### EXERCISE DIRECTIONS
Take nothing but the lines from the one with "Consisting of an" through the one with "27일 기상청은 이틀" in the entries below, both ends kept, and return them exactly with pictures left out.

### DATASET EXCERPTS

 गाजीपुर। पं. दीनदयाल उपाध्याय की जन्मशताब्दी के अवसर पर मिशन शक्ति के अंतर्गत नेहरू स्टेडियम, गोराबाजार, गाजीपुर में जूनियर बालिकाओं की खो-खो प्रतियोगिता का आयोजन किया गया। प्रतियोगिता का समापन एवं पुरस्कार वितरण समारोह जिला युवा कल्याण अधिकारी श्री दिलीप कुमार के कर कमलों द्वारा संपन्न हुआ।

--

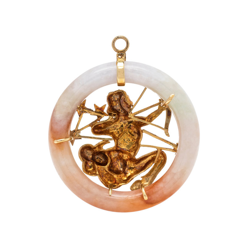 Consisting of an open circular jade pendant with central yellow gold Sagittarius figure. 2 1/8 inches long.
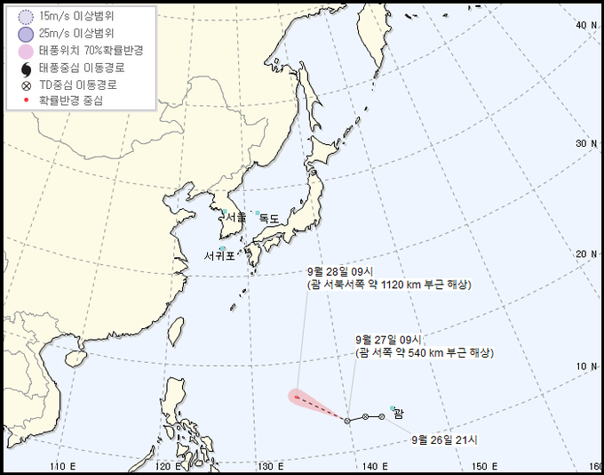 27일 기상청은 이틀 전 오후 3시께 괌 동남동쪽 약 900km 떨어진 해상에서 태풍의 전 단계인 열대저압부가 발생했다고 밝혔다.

* * *

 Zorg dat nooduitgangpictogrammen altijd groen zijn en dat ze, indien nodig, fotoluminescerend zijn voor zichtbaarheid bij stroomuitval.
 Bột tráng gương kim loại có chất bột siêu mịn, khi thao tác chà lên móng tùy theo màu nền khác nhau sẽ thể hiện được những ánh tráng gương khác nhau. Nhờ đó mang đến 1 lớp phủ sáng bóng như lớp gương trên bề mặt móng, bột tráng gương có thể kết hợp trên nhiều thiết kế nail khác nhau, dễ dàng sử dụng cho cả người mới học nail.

### EXERCISE SOLUTION
 Consisting of an open circular jade pendant with central yellow gold Sagittarius figure. 2 1/8 inches long.
 27일 기상청은 이틀 전 오후 3시께 괌 동남동쪽 약 900km 떨어진 해상에서 태풍의 전 단계인 열대저압부가 발생했다고 밝혔다.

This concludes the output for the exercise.